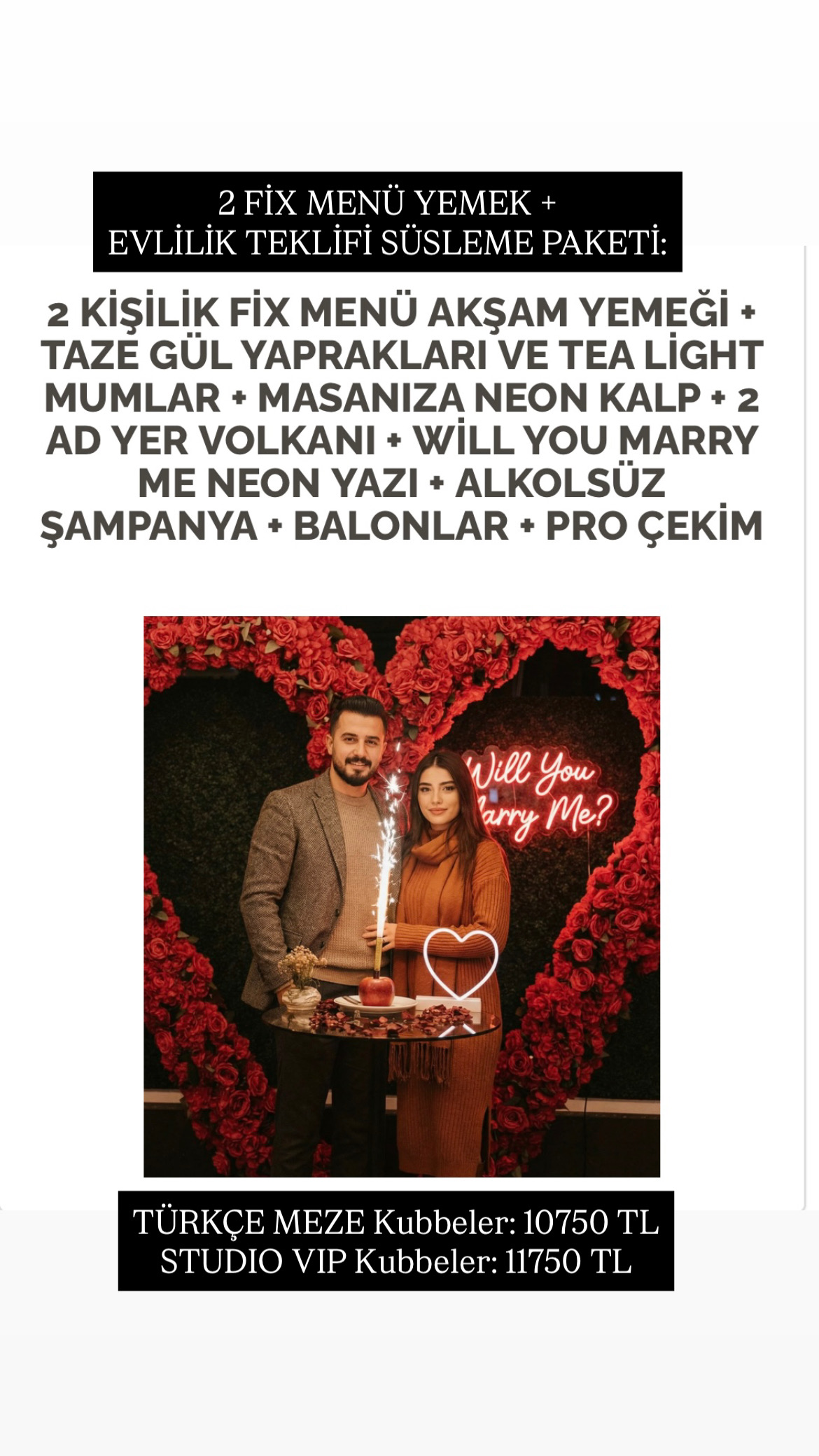 2 kişilik fix menü akşam yemeği + taze gül yaprakları ve tea light mumlar + masanıza neon kalp + 2 ad yer volkanı + Will You Marry Me neon yazı + alkolsüz şampanya + balonlar + PRO ÇEKİM
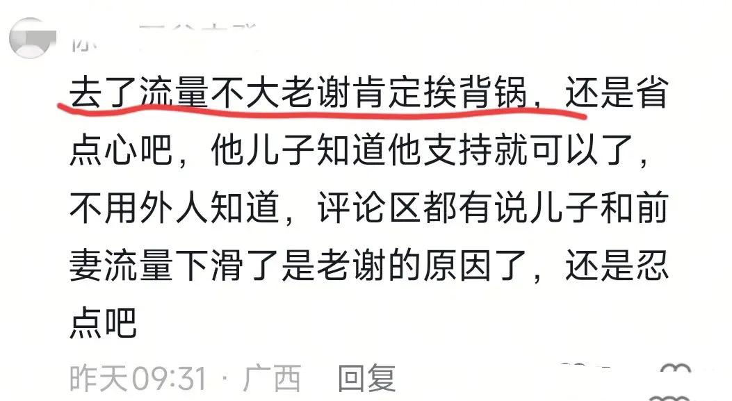 雖然流量下滑不是老謝的原因,但也有人會強行把原因按在老謝頭上,老謝在這時候還是要忍一忍。
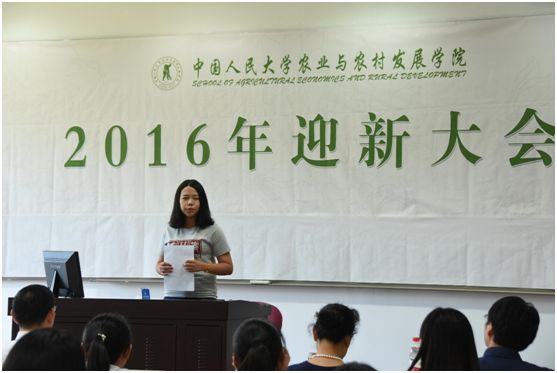 2016年9月10日上午9时,农业与农村发展学院2016年迎新大会在国学馆226教室隆重举行。学院全体院领导、校友代表、在校生代表、学院部分行政老师以及2016级本、硕、博班主任和全体新生出席了大会。会议由学院党委书记张利庠教授主持。

## Prompt
All that is needed is the data above, repeated exactly, without the pictures.

## Task result
 2 kişilik fix menü akşam yemeği + taze gül yaprakları ve tea light mumlar + masanıza neon kalp + 2 ad yer volkanı + Will You Marry Me neon yazı + alkolsüz şampanya + balonlar + PRO ÇEKİM
 雖然流量下滑不是老謝的原因,但也有人會強行把原因按在老謝頭上,老謝在這時候還是要忍一忍。
 2016年9月10日上午9时,农业与农村发展学院2016年迎新大会在国学馆226教室隆重举行。学院全体院领导、校友代表、在校生代表、学院部分行政老师以及2016级本、硕、博班主任和全体新生出席了大会。会议由学院党委书记张利庠教授主持。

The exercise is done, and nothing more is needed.